If you buy into a condo, you should get on the condo board to direct where your funds are spent. 

Both types of properties have their advantages and disadvantages...but if the cash flow doesn't work, then neither is a good investment.

P.s. Personally, I'd prefer to have multiple properties over one more expensive one. The more you have, the more you have paying rent...only one door, costs you money if it's vacant. Also, lower prices means you can charge lower rents if you need to.


----------



## Letran (Apr 7, 2014)

Underworld said:


> My issue with a condo is you are paying condo fees every month which sucks. Then you have to do analysis into the condo board to make sure they are running a tight ship. Then you are also eligible to pay for those special assessments should they arise - like chip in for a new roof.
> 
> When I think about it, yes we can buy it earlier with a smaller downpayment. But if we're paying $300 p/m for 25 years, that is 90,000 dollars of extra costs!


You are buying a rental property, NOT getting married to it  Read below I don't suggest you hold to a condo that long.

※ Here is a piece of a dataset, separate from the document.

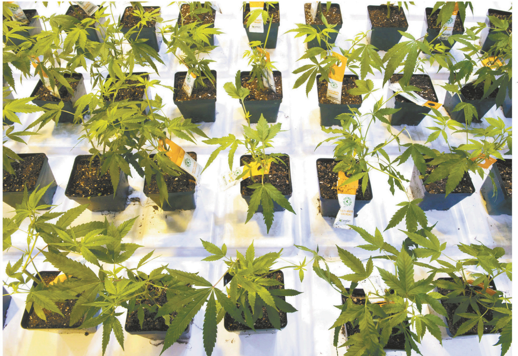
Aurora Cannabis a annoncé lundi matin l'acquisition de MedReleaf pour 3,2 milliards en actions, l'objectif étant de renforcer leur développement sur le marché international.

as JaG mentioned, keep your eye on the ball. Its positive cash flow that matters. 

The first time I did this I also had vacancy calculation, demographics analysis and exit strategy (just in case I had to get out).

In Canada, I prefer condos, easier to maintain, stable expenses, less surprises. There are some valid concerns about maintenance fees. Make sure that the building's reserve study is recent and updated and that of course the reserve is healthy. Also make sure that the maintenance fees are comparable to nearby condos. Also find out the ratio between homeowners and landlords. I try to buy condos younger than 20 years old. Maintenance becomes unpredictable on older condo's. I haven't yet done this in practice but I plan to cycle my condos for younger newly built ones every 10-15 years. (I've had older condos, property values goes down as maintenance fees go up).

Good Luck and Congratulations


----------



## MorningCoffee (May 8, 2013)

Another thing to look into is if they even allow tenants. Some condos have strict rules against investors buying units and renting them out.


----------



## kcowan (Jul 1, 2010)

I think you should talk to the condo board members and interpret their rules to see if they are on the same page as you. If you find a match, then go for it.


----------



## Just a Guy (Mar 27, 2012)

Also, remember that costs are going to go up, not down...especially when it comes to interest. If you were buying today, make sure you've got a healthy cash flow (by that I mean you are making several hundred dollars in profit), because you can't count on raising rents just because your expenses have increased (it may work sometimes, but rents are driven by supply and demand, not your income needs). You can probably bank on an interest rate hike before you've paid off your property.

Over the years, I've had to lower my rents at times, and right now I'm redoing a place's interior costing about $5000 because the last tenant wasn't very good, even with a good tenant you're probably looking at $1000-$1500 to repaint. This is a business not an ATM.


----------